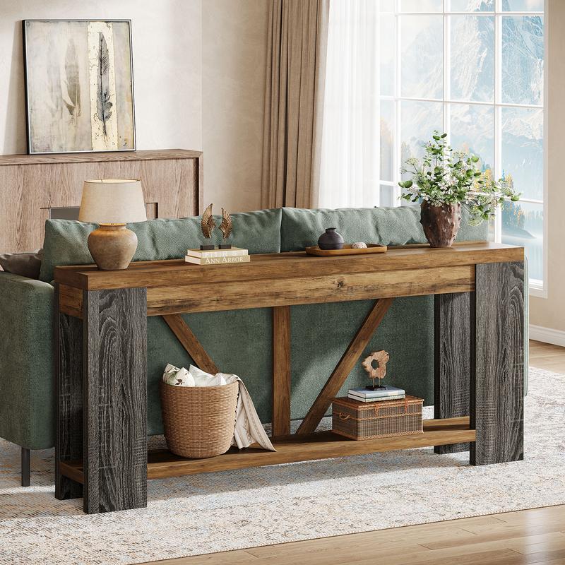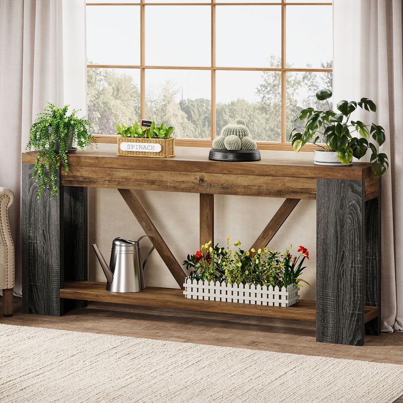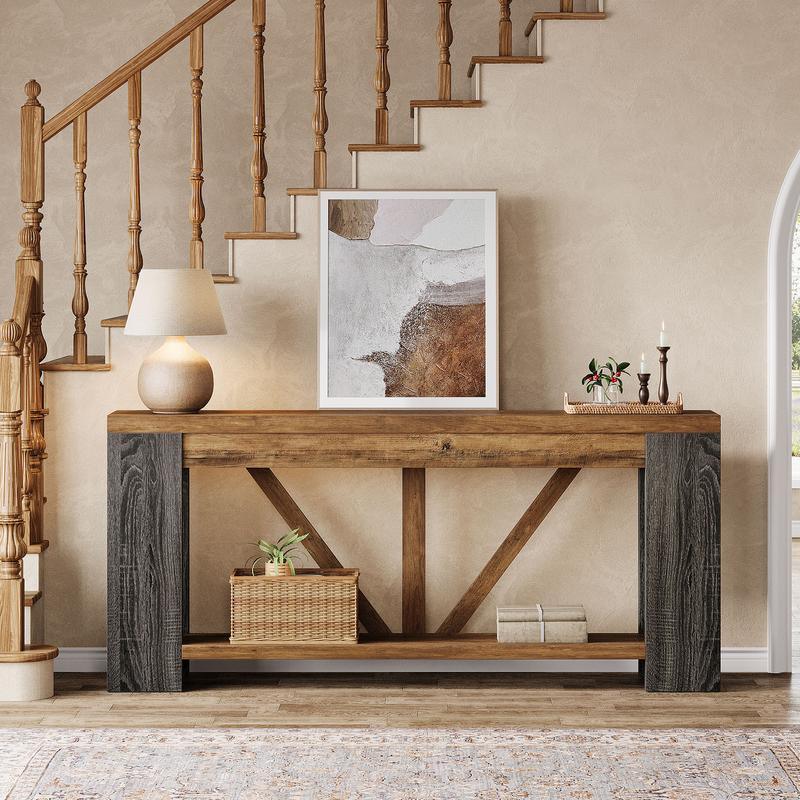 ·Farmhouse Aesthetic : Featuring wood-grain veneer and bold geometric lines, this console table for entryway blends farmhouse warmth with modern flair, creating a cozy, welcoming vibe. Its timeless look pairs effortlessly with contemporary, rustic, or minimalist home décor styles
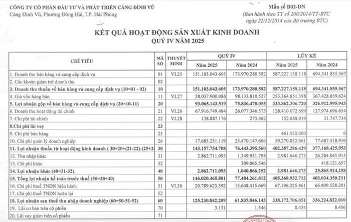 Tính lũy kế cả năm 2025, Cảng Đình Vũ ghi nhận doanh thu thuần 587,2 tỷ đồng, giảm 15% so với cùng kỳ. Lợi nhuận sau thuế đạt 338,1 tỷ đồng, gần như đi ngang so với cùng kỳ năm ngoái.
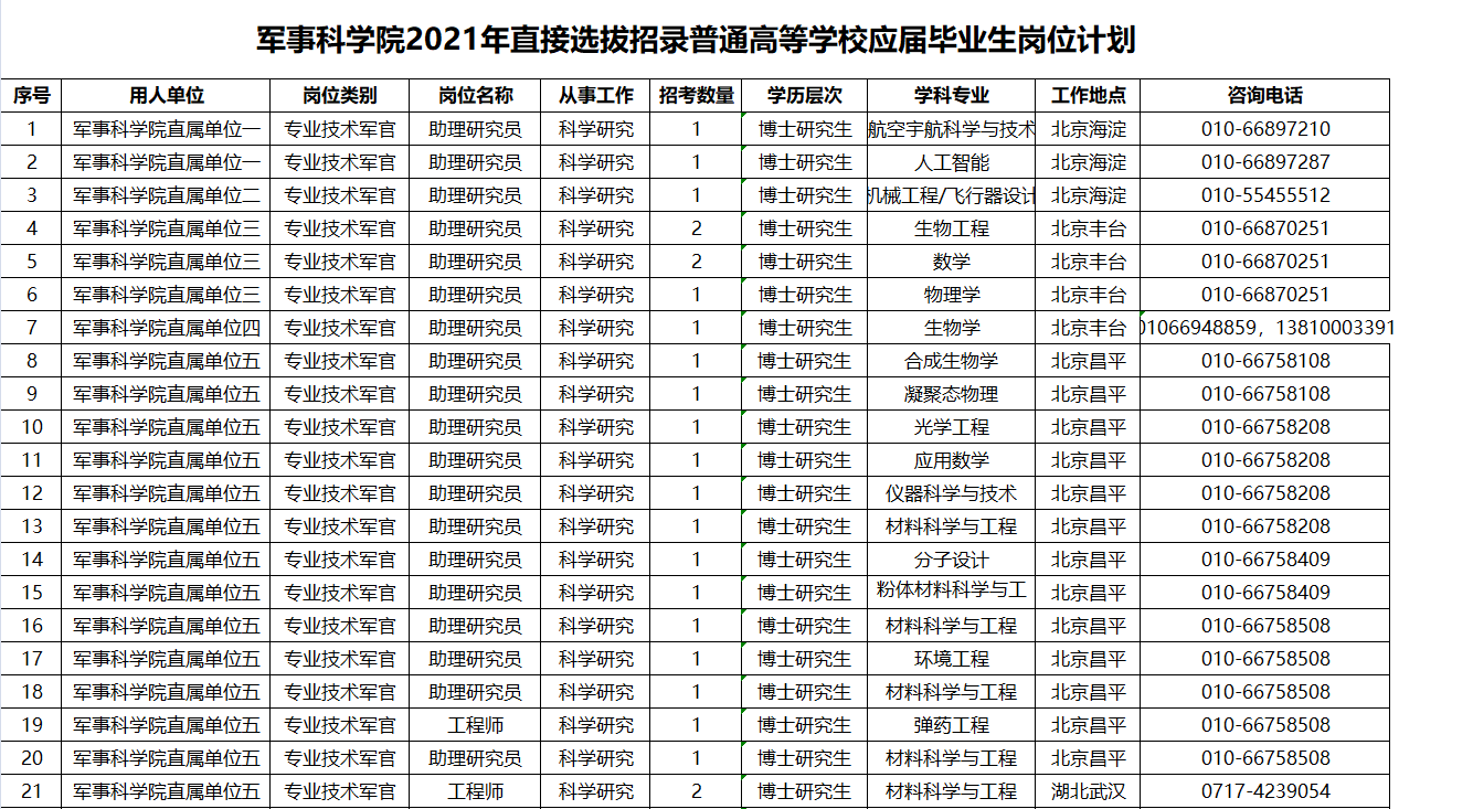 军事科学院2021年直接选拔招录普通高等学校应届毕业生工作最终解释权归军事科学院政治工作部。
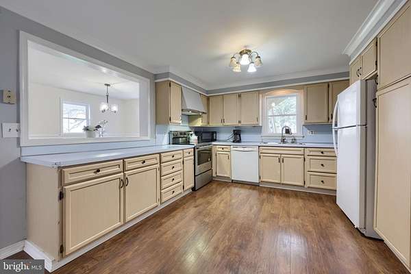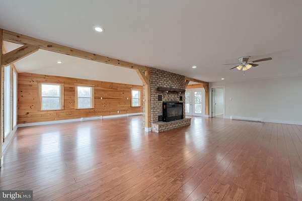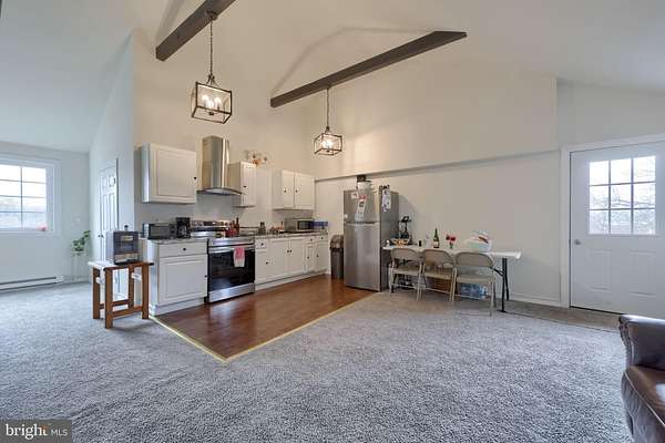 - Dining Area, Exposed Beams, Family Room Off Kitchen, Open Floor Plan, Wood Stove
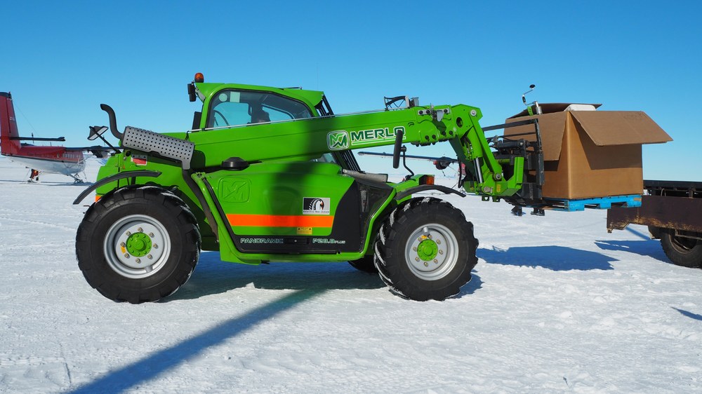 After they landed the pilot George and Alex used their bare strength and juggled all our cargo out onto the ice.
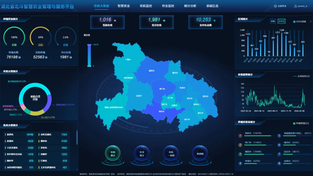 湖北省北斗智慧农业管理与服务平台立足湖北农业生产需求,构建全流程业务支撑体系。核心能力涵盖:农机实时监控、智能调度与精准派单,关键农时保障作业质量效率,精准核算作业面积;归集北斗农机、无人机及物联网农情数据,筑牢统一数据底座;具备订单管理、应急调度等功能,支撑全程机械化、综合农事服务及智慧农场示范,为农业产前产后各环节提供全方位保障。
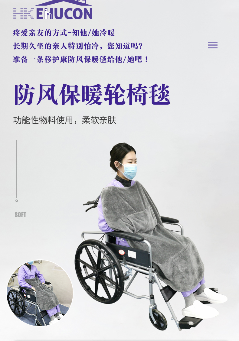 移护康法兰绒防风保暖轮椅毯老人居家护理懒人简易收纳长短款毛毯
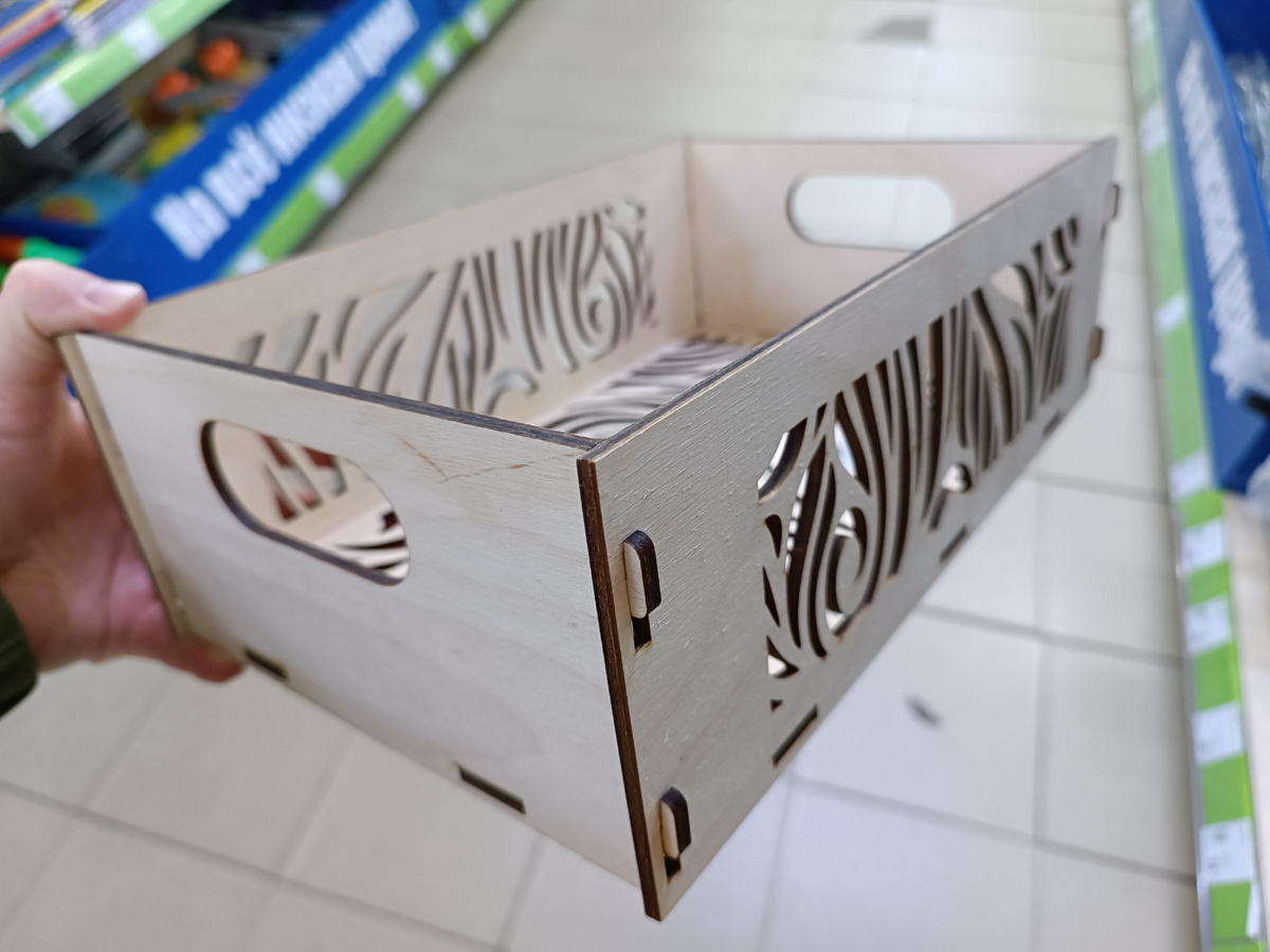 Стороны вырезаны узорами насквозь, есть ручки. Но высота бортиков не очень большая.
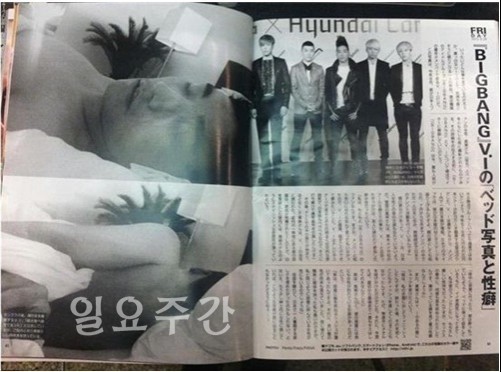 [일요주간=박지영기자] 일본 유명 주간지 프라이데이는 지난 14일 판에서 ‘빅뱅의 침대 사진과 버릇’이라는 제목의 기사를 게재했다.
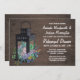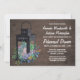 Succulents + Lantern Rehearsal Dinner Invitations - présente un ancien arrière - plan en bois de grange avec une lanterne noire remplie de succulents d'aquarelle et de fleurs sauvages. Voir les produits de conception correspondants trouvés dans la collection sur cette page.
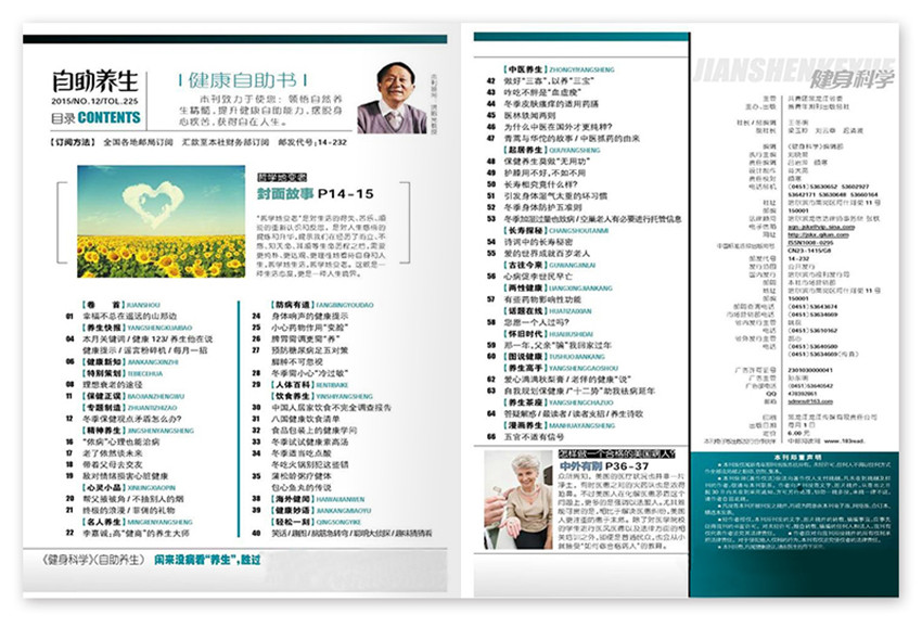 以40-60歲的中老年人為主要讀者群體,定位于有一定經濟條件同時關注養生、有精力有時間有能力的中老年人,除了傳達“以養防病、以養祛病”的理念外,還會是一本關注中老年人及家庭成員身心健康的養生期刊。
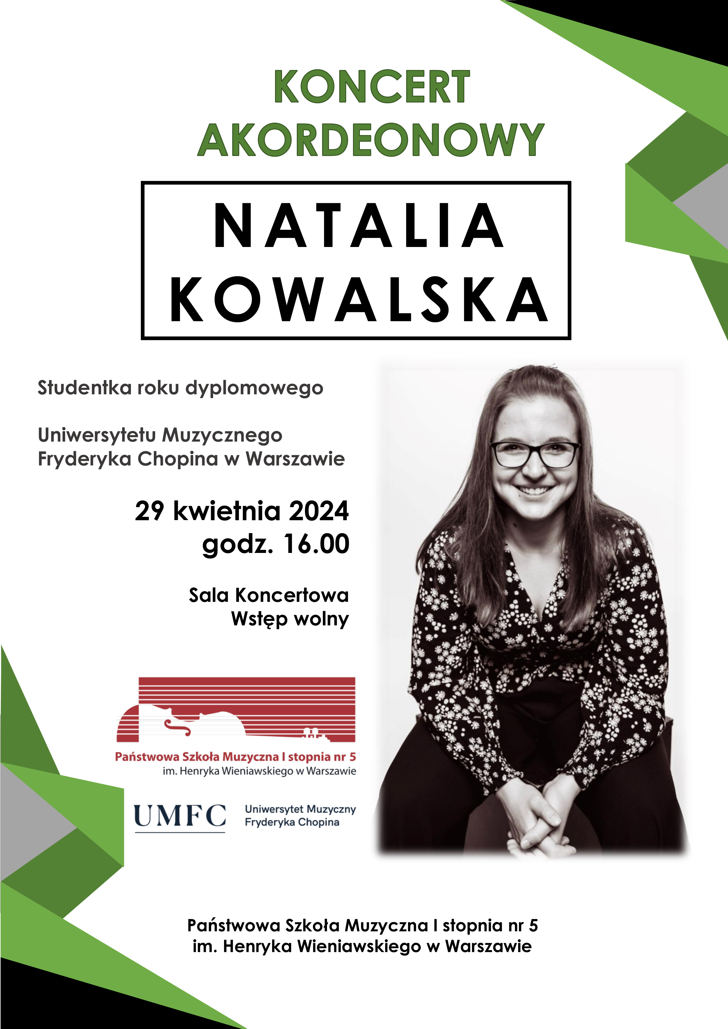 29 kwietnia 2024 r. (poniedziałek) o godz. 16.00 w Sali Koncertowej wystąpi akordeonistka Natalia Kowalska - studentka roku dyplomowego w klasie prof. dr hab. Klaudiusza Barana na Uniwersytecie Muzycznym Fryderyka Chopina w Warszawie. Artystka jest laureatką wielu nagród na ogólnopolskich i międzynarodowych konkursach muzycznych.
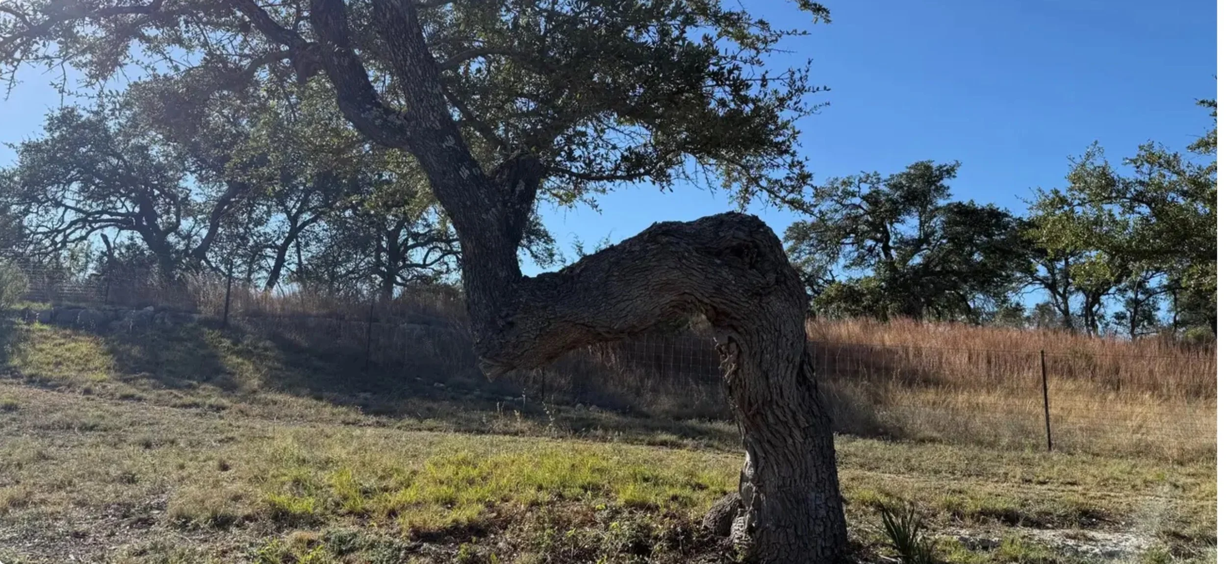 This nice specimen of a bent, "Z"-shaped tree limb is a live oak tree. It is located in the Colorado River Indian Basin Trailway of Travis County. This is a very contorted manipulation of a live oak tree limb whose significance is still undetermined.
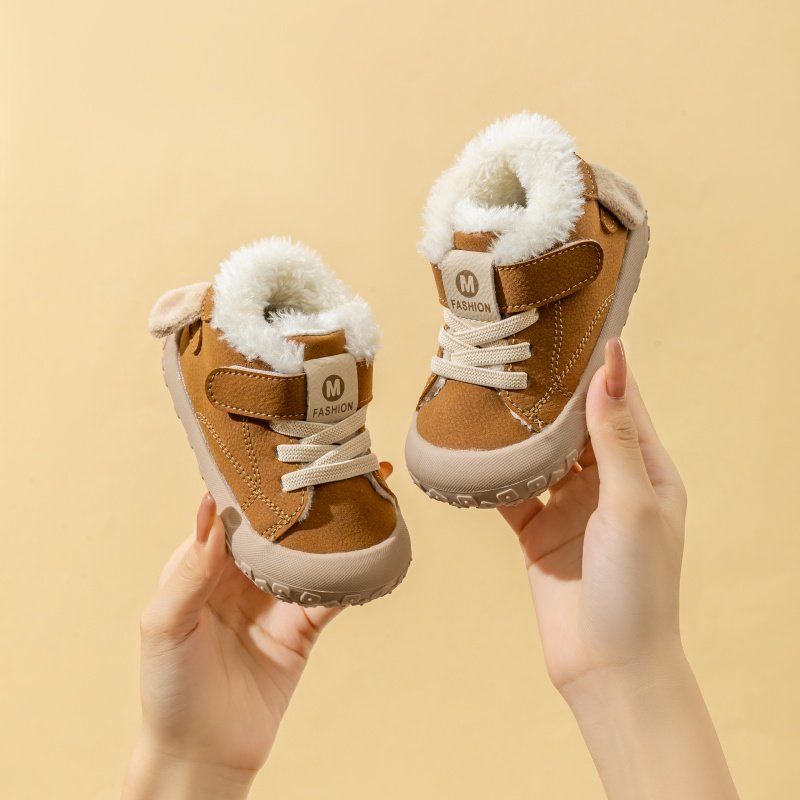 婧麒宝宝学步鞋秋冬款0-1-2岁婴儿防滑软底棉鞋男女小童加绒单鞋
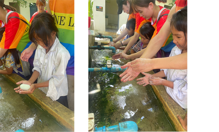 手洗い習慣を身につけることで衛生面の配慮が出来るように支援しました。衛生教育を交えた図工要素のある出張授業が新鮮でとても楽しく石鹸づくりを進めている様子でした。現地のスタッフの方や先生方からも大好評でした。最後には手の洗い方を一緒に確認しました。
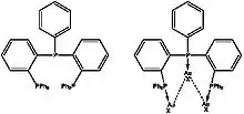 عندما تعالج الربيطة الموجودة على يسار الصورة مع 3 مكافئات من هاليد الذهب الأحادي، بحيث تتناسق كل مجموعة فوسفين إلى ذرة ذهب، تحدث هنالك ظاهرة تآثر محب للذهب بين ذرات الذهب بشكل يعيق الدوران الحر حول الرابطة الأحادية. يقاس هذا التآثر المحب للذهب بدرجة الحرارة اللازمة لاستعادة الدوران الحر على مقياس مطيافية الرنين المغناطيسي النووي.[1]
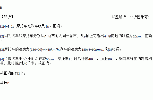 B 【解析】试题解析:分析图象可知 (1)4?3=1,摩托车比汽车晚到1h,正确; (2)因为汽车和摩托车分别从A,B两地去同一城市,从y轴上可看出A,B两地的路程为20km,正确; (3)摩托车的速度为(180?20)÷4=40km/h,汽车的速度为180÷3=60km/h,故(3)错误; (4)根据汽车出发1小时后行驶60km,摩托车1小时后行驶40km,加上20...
★ ★ ★ ★ ★ ★ ★
What you should return is the exact text of every line from the top of the entries through the line with "Tính lũy kế", pictures removed.

 ·Farmhouse Aesthetic : Featuring wood-grain veneer and bold geometric lines, this console table for entryway blends farmhouse warmth with modern flair, creating a cozy, welcoming vibe. Its timeless look pairs effortlessly with contemporary, rustic, or minimalist home décor styles
 Tính lũy kế cả năm 2025, Cảng Đình Vũ ghi nhận doanh thu thuần 587,2 tỷ đồng, giảm 15% so với cùng kỳ. Lợi nhuận sau thuế đạt 338,1 tỷ đồng, gần như đi ngang so với cùng kỳ năm ngoái.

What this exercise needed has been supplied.